Last year, Bethesda attempted to monetise their modding scene, revealing the Creation Club at E3 and provoking a heated debate within the gaming community. The benefits, according to Bethesda, were simple: talented modders would receive payment for their efforts, and the Club’s security would ensure that their assets were not stolen and sold by other gamers. And whilst a sweeping majority of consumers would surely prefer that mods remain free, there can be no denying the considerable interest in the Creation Club from modders themselves.

After all, these are individuals who create hugely popular content – some of it extraordinarily detailed – in their spare time. It is clear that many of these modders are simply indulging a passion for game development, something that publishing companies such as Bethesda have made very easy to do. But the implications of a system of paid mods, the negative connotations and upended traditions that such a system would inevitably catalyse, means that implementing the Creation Club – or similar concepts – is a daunting task.

There can be no doubt that modding will continue to prove exceptionally popular as the gaming industry progresses.

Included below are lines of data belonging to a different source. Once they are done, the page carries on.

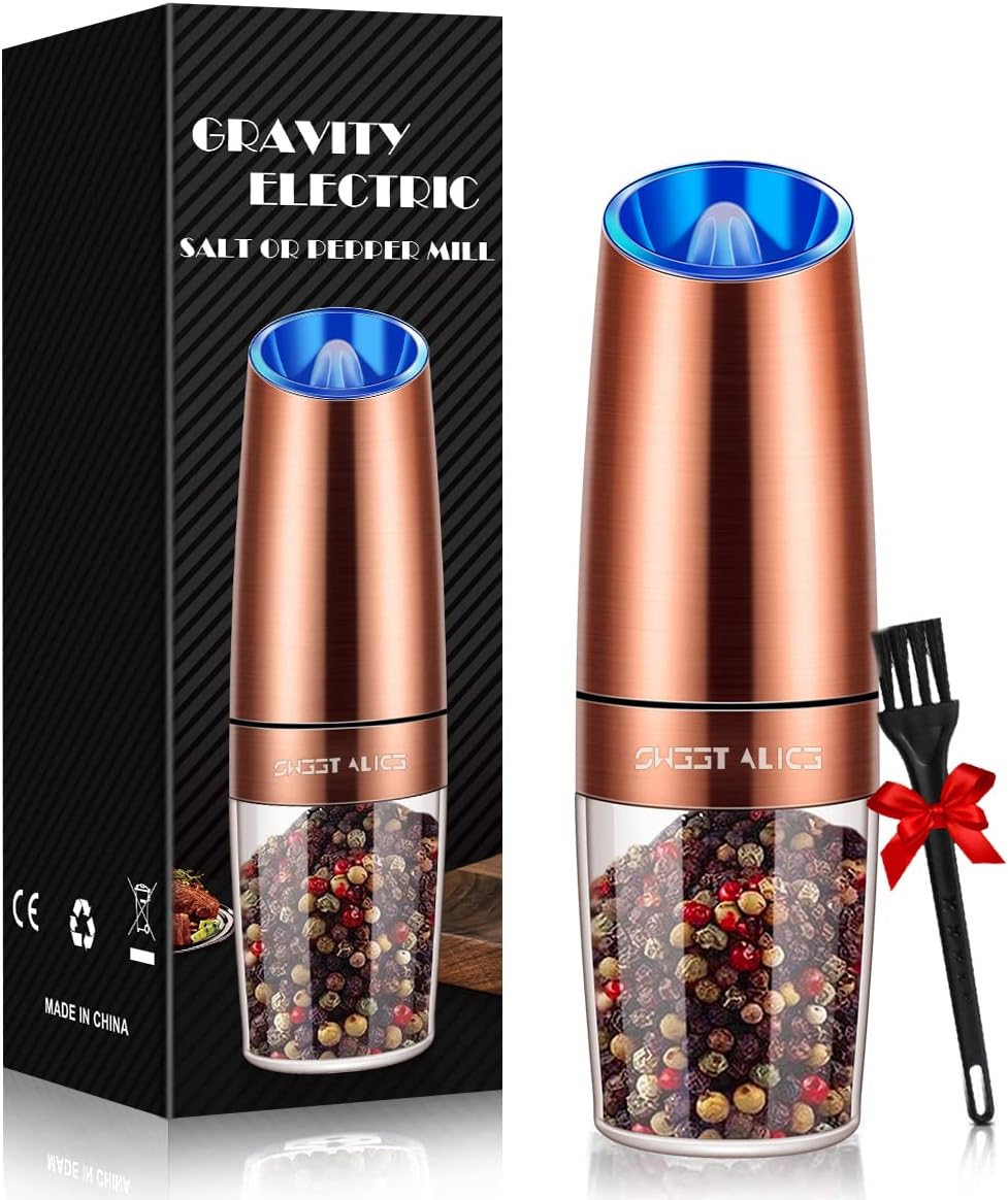 - 【Automatic Operation】Our Electric Pepper and Salt Grinder with Gravity sensor switch, you even needn’t to press a button, Simply flipped the grinder and you will have fresh ground spices, Convenient and funny. Battery powered, each grinder requires 6 AAA batteries (batteries not included, Please prepare batteries in advance).
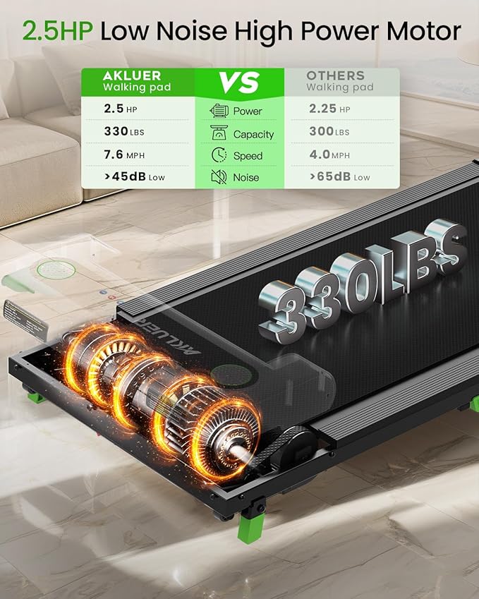 - 【Durable Quality for Long-Term Use】 The AKLUER desk treadmill equipped with an upgraded 2.5HP motor that delivers powerful and quiet performance, emitting less than 45dB of noise, providing a smooth and seamless running experience even at high speeds. With a speed range from 0.6 to 4 MPH, you can freely switch between walking and running to meet your different exercise needs, with a maximum weight capacity of 330lbs, ensuring your satisfaction during workouts
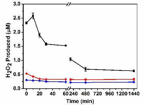 图7 光照关闭后,Cu2O/SnO2样品(黑色)、Cu2O 纳米单晶(红色)与SnO2 纳米颗粒(蓝色)黑暗中在测试溶液中产生双氧水的浓度。
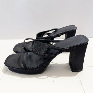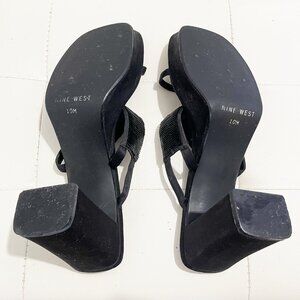 Nine West Black Vintage Block Heels Sandals w/Strap Embellishments | Size 10M
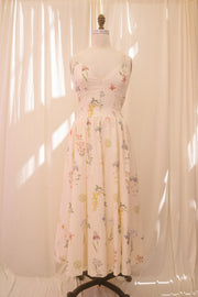 Perfect for days spent walking the streets of Italy, the Cecily Dress is a summers dream. In a cream hue, this vintage inspired beauty is covered in an oversized muted burgendy, yellow, blue and green floral print. This beauty has a v-neckline with a criss cross open back design. Feminine and flattering, the piece has a fitted waist with a romantic flowly midi length skirt and a slit of the left side of the silhouette. Style with a basket bag, vintage slides and a dash of lipstick for a timeless look.
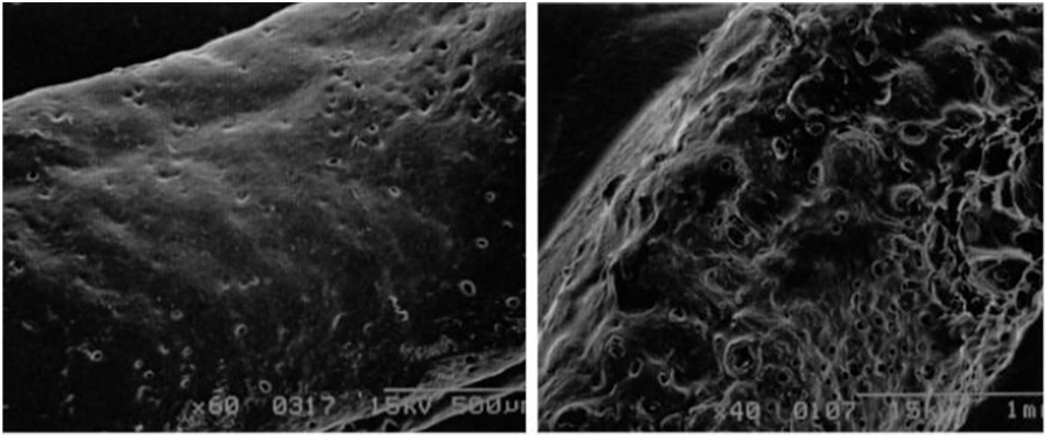 油揚げ麺の粗い表面に比べ、味一番拉麺の表面は滑らか
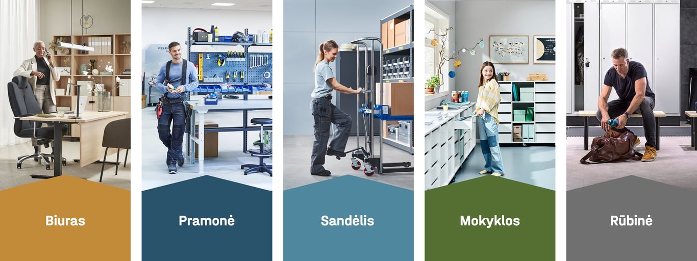 Mūsų asortimentą sudaro kiekvieną darbo dieną patogesne darantys baldai, įranga bei interjero sprendimai. Siūlome rinktis iš daugiau nei 15 000 biurams, pramonei, sandėliams, rūbinėms, mokykloms ir viešosios aplinkoms skirtų produktų. Visa mūsų produkcija greitai ir patogiais pasiekiama tinklapyje ir skaitmeniniuose kataloguose. Projektinių pardavimų skyrius gali pasiūlyti individualius darbo aplinkos poreikius atitinkančius produktus ir sprendimus - susisiekite su mūsų specialistais.

Further attempts to capitalise upon the success of tireless modders will inevitable ensue, and so perhaps the most pressing concern here is finding a model that will benefit both consumer and developer.

MediaMolecule, the company behind the LittleBigPlanet series, have struck metaphorical gold in this regard. Their games rely upon community created content so heavily that a significant portion of the LittleBigPlanet experience is given over to making use of the same tools as the developers to produce your own functional levels. As a result of this creative nurturing – not dissimilar to that offered by Bethesda – the development team responsible for MediaMolecule’s latest title, Dreams, is comprised of an assortment of community creators whose popularity on the original games has landed them a job. Perhaps there’s a lesson to be learned in this interaction by both modding community and developer alike.